I feel weak at the thought of coming new to this canon. And yet, over the course of three days last week in Hatfield, new scholars came to the table with their own personal take on the series, both old and new. A daunting task in itself.
I would like to think that everybody took something away from the experience. Me? I learned a lot. Firstly, while everyone was talking about their first Doctor, I seemed to be the only person whose first doctor was the first Doctor. Secondly, I realized that I am not so much a Doctor Who fan (Steven Moffatt has certainly seen to that over the past year, with his queer-baiting and misogyny proving too much for me to stomach), but I have literally grown up with the Doctor. Fandom does not adequately describe my relationship to Doctor Who. I remember the Tom Baker years with affection (and yes, Brigid Cherry, I too knitted a scarf).
I watched the Jon Pertwee years not least because Katy Manning was just so damn cool.
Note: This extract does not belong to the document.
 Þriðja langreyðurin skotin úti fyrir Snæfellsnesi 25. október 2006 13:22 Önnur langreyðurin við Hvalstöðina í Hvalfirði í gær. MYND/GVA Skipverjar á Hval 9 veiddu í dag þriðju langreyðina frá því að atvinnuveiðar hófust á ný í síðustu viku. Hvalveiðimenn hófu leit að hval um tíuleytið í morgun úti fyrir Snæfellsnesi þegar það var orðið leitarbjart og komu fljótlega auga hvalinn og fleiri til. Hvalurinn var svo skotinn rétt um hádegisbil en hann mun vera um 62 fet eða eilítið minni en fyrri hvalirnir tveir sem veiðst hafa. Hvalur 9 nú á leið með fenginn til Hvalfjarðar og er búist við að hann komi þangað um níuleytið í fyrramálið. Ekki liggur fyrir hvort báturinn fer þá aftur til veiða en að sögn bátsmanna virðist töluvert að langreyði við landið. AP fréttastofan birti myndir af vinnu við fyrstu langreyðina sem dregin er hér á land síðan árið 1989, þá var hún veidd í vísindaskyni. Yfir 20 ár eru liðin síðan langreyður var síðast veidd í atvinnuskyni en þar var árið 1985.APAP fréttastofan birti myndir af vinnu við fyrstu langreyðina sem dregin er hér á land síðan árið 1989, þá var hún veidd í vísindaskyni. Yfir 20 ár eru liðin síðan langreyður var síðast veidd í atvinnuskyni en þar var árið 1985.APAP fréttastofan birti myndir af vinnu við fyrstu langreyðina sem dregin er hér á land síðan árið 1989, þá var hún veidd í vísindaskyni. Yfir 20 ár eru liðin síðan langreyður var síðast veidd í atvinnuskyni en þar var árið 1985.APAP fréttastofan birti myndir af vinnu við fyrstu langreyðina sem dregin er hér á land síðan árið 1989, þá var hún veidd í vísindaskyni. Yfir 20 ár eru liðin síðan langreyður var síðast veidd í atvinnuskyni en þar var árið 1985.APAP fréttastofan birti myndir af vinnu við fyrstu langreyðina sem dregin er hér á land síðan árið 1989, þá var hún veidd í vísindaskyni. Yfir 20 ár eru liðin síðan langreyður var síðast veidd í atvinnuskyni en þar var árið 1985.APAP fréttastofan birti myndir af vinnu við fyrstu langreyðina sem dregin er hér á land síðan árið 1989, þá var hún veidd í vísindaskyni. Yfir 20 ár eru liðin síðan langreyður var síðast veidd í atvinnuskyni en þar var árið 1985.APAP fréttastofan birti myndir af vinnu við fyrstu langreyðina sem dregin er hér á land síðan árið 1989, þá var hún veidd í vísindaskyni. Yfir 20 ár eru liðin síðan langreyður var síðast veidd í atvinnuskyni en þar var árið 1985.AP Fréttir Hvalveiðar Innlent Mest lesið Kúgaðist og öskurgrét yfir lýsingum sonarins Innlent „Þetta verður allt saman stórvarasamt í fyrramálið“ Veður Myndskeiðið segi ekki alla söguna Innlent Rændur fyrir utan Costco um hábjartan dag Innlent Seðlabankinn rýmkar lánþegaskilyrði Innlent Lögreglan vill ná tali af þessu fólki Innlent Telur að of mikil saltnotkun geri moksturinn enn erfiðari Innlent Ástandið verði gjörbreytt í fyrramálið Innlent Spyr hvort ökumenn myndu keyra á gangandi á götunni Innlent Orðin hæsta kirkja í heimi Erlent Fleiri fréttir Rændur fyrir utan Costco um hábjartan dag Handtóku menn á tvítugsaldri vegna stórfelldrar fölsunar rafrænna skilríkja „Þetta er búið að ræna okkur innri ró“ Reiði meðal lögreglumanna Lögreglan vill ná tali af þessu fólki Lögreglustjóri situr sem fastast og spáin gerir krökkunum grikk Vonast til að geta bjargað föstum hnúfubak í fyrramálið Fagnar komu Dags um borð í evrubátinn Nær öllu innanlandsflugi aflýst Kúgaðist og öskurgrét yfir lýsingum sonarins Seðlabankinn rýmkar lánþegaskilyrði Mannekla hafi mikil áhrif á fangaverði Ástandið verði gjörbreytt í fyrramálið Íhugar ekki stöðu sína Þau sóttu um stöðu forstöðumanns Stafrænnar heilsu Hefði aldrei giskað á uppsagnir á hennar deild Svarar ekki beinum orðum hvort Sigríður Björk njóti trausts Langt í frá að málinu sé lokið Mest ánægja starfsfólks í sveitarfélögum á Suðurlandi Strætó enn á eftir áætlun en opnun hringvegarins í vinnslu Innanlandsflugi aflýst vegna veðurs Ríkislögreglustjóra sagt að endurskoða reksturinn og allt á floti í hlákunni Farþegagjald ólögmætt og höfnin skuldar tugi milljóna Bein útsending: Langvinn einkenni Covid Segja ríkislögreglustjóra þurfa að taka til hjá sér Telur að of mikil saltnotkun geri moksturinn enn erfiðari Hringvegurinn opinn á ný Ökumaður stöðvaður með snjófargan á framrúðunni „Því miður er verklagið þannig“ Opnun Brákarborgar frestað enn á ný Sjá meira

I have watched the series as a child with my father (William Hartnell, Patrick Troughton, Jon Pertwee and Tom Baker), with my son (Sylvester McCoy), and my daughter (Christopher Eccleston, David Tennant and Matt Smith), and will no doubt watch Peter Capaldi’s doctor regenerate with my adult and adolescent friends and family.
Put simply, growing up in the UK since the late Fifties, it has been hard not to have felt the impact of Doctor Who -- and it is in that vein that I am glad that all of our delegates celebrated a TV series that has survived where others have not.
A British one to boot.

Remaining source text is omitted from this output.